For me as a primary care provider, when I was seeing patients, like the community really played
an important role in how I understood my patients in context. How do we translate that into technology?
So those are some of the big things that I think about under the big umbrella of responsible
innovation in health. Absolutely. I love each of those. And I think, like you said, I think I'm a little
surprise. I would have not maybe thought of community in the first place when you think about
technology. We often see them as separate, but I love the way you frame that as needing that
community is still there in order to inform everything that we're thinking about. And right now,
we're seeing that about $70 billion is flowing into healthcare tech. A lot of that is AI-centered
or supported. I think there's something like 350,000 new applications, merriad projects.
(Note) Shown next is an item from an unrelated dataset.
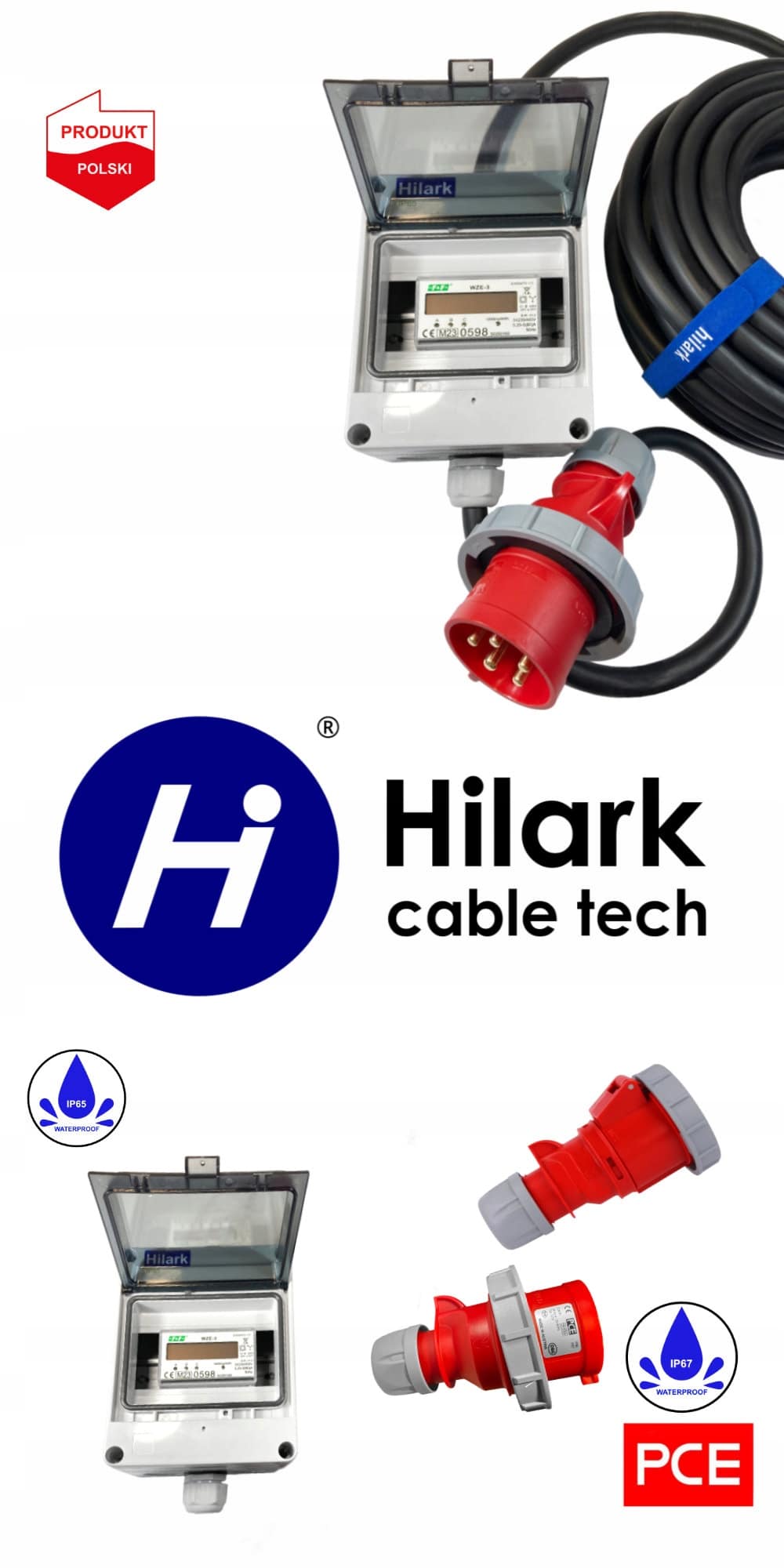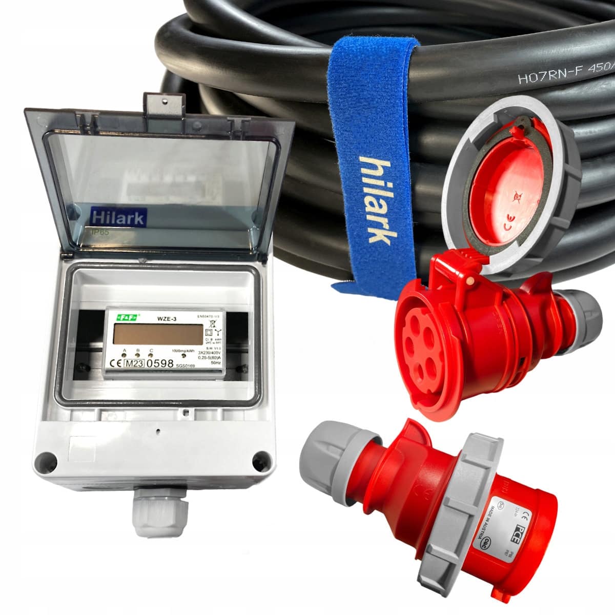 ZASTOSOWANIE: do dużych instalacji ogrzewania, płyt grzewczych, oświetlenia alarmowego, narzędzi elektrycznych takich jak wiertarki, piły tarczowe, silniki elektryczne, sprzęt sceniczny i audiowizualny, sprzęt przeładunkowy, mobilne zasilacze, do różnego rodzaju wysięgników. Kabel neoprenowy H07RN-F 5×4 wraz z wysokiej jakości gniazdem i wtyczką PCE o wysokim, stopniu odporności IP67, pozwala na bezpieczne użytkowanie przedłużacza w miejscach gdzie jest narażony na oleje czy smary, w trudnych warunkach atmosferycznych, w suchych i wilgotnych miejscach zarówno wewnątrz jak i na zewnątrz pomieszczeń. Natomiast zainstalowany w rozdzielnicy o wysokim stopniu wodoszczelności IP65 wskaźnik, pozwoli na kontrolę zużycia energii elektrycznej.

From your perspective, is the capital flowing to the right problems and are the right
partners involved? You know, is it flowing to the right problem? Is it flowing to the right partners? It's
really a resource issue. The people who are thinking about it are the people who can afford it,
who can afford to develop the technology, apply the technology, monitor the technology,
assess it, do the analytics. Those things are really important in sort of who's minding
the innovation. And oftentimes I say it starts with
It's kind of those people who see how it financially benefits. So you think about large technology
companies who have the financial capability to build large models, to do large projects and move fast.
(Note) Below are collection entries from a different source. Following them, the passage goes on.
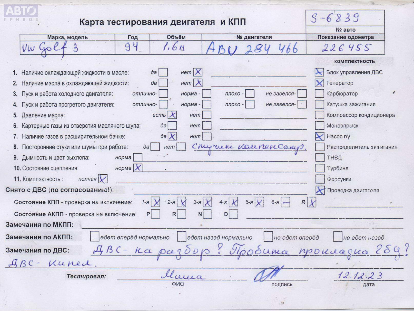 | Марка / Модель / Год: | Volkswagen Golf-3 1994 |
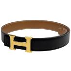 エルメス HERMES コンスタンス リバーシブル Hベルト □A刻印 ベルト ボックスカーフ クシュベル ブラック ゴールド レディース 中古
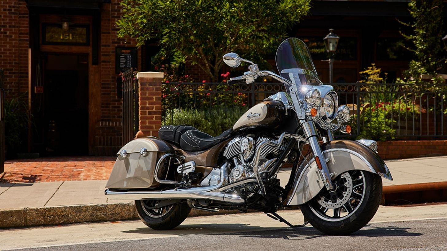 El modelo de motocicleta Indian Springfield es totalmente clásico y mantiene con vida el estilo norteamericano. Lo que resalta y gusta entre los motociclistas es su logotipo Headdress que está colgado en la defensa delantera.
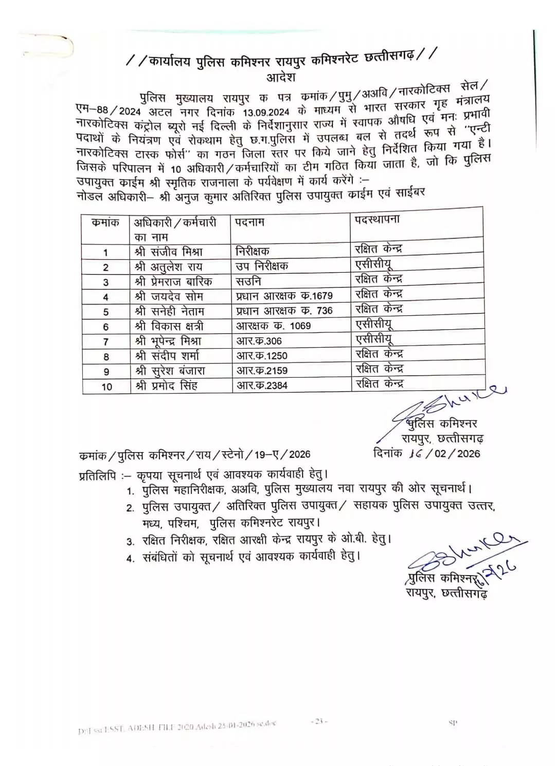 नशा नियंत्रण और रोकथाम को प्रभावी बनाने के उद्देश्य से गठित इस विशेष टीम में कुल 10 पुलिसकर्मियों को शामिल किया गया है। इनमें 1 निरीक्षक, 1 उपनिरीक्षक (SI), 1 सहायक उपनिरीक्षक (ASI), 3 हवलदार और 5 आरक्षक शामिल हैं।

You think about pharma and life sciences. They have the financial resources to do the work.
And that's not new in AI. That's innovation in general, right? We see that in health care.
We see innovation. The MRI did not start in the community.
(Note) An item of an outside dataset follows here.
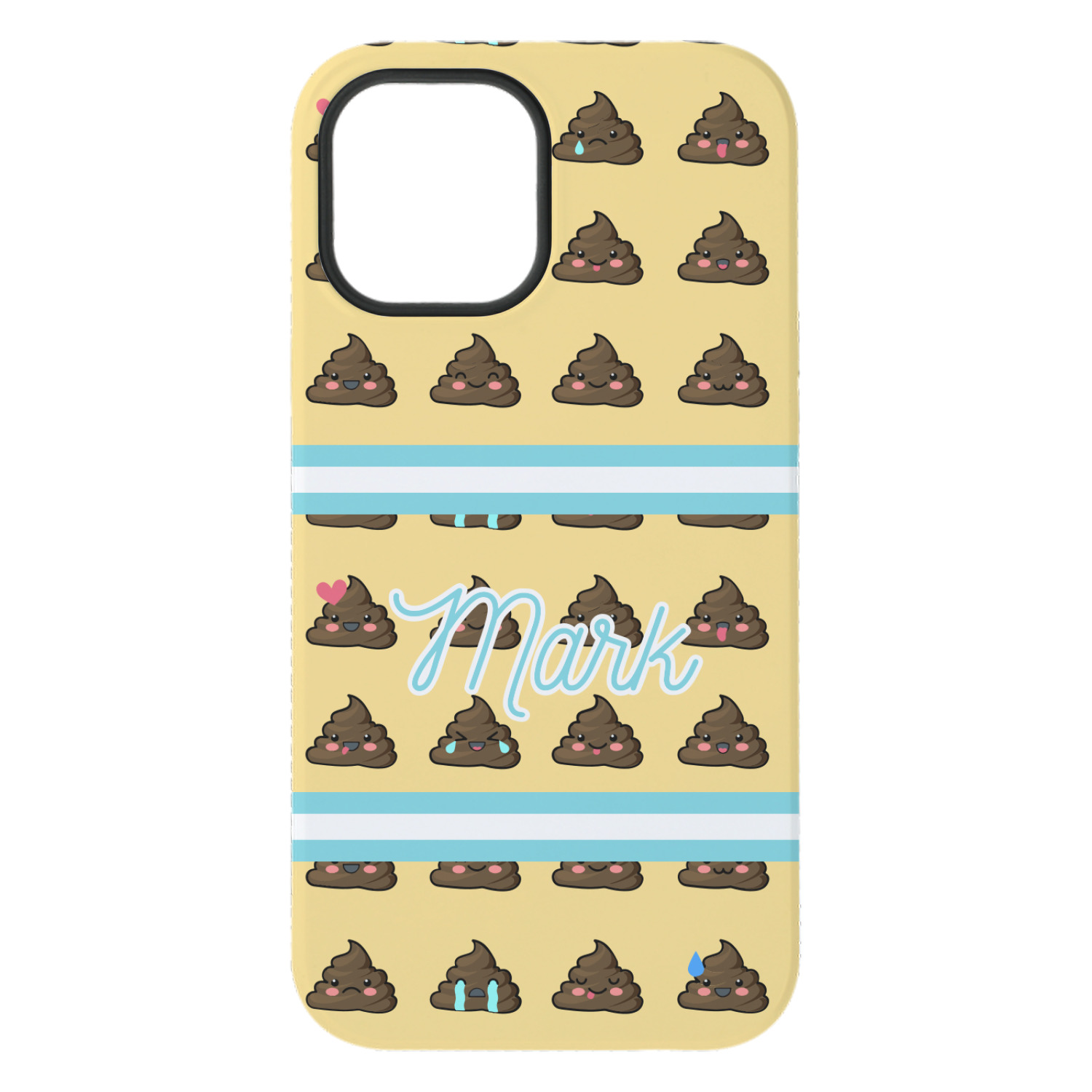 The design is a fun bright yellow with brown poop emojis all over. Each emoji is making a different face! Two light teal / turquoise ribbons are use to frame your personalization in the middle of the design. The coordinating design has a fun speckled yellow background with a large poop emoji right in the middle, saying "Oh, Poo!" underneath.

community. Those who are also thinking about it and who are really concerned about it are also those
who are supporting communities and who are working with the most vulnerable populations. So you're
thinking about state and local public health organizations and departments who are thinking about
how can we be able to utilize this technology when and where we can with the financial resources that
we have to impact and improve outcomes and reduce risk. But what are the costs of adopting
that technology and the inequities that can occur there? I kind of want to pick up on that last
point you're making about clinicians, especially at underserved community programs, for example,
and whether are these individuals, clinicians and patients meaningfully shaping what's being built,
or are they being asked to kind of adapt to it after the fact? Oftentimes you see this work
happening at large academic health centers and academic medical centers. And I think that's the
nature of the resources that are available to folks. So my hope is that we figure out a way to change
that in creating that opportunity. I would have to say, I would love to say they're there at the
table. They're doing their best to get to the table and be a part of the table and building
their own tables. And that's where community comes in. They're building in community to say,
how can we work together to pool our resources to actually do some of this work? But I don't
fully see it yet. You also said something that this isn't new what we're seeing,
that there was the MRI before, right, and how it was used. What lessons should we be carrying
forward from earlier digital health missteps as we move deeper into this AI movement?
Yeah. No, that's such a great question. And this takes me back.
to when I actually started at the intersection of health and technology. And the reason I got into this
space is because I was serving my patients in Anacostia and I saw them with their flip phones. And they were
coming to me saying, Dr. Horn, I know my kid looks fine now, but here's what the cough sounded like.
I recorded it on my phone. Or here's what that rash looked like last night. And for me,
it was like, can you please build for my patients? If you build for my patients, you've
will build a better product for everyone. If you build for those who are most vulnerable,
you are going to meet those needs. The opportunities that we have around adoption in health
care and in health systems, it really accelerated during the pandemic. So we have adoption in
hospitals and in health systems. We have things like ambient listening, ways that we are
making it better for clinicians so that they're able to spend more time.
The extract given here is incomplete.